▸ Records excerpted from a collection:

..........

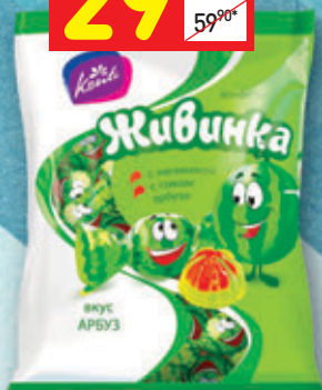
КОНФЕТЫ «ЖИВИНКА» вкус «арбуз», Konti, 250 г
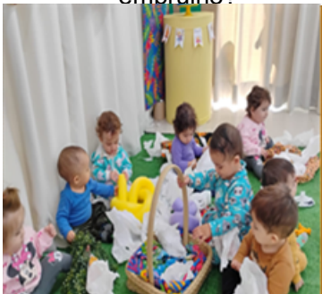
Atividade 1: O que tem embaixo do embrulho?
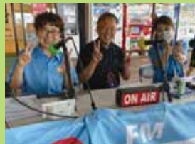
放送前に「はい、ピース!」
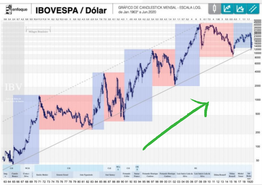
gráfico com evolução da bolsa brasileira mostra que, mesmo com períodos de quedas, a direção da bolsa é sempre para cima.

No curto prazo, você pode perder dinheiro. No longo prazo, essa possibilidade é próxima de zero.

..........

▸ WHAT TO PRODUCE:
Each record is to be restated word for word; no picture goes in.

▸ RESPONSE:
КОНФЕТЫ «ЖИВИНКА» вкус «арбуз», Konti, 250 г
Atividade 1: O que tem embaixo do embrulho?
放送前に「はい、ピース!」
gráfico com evolução da bolsa brasileira mostra que, mesmo com períodos de quedas, a direção da bolsa é sempre para cima.

No curto prazo, você pode perder dinheiro. No longo prazo, essa possibilidade é próxima de zero.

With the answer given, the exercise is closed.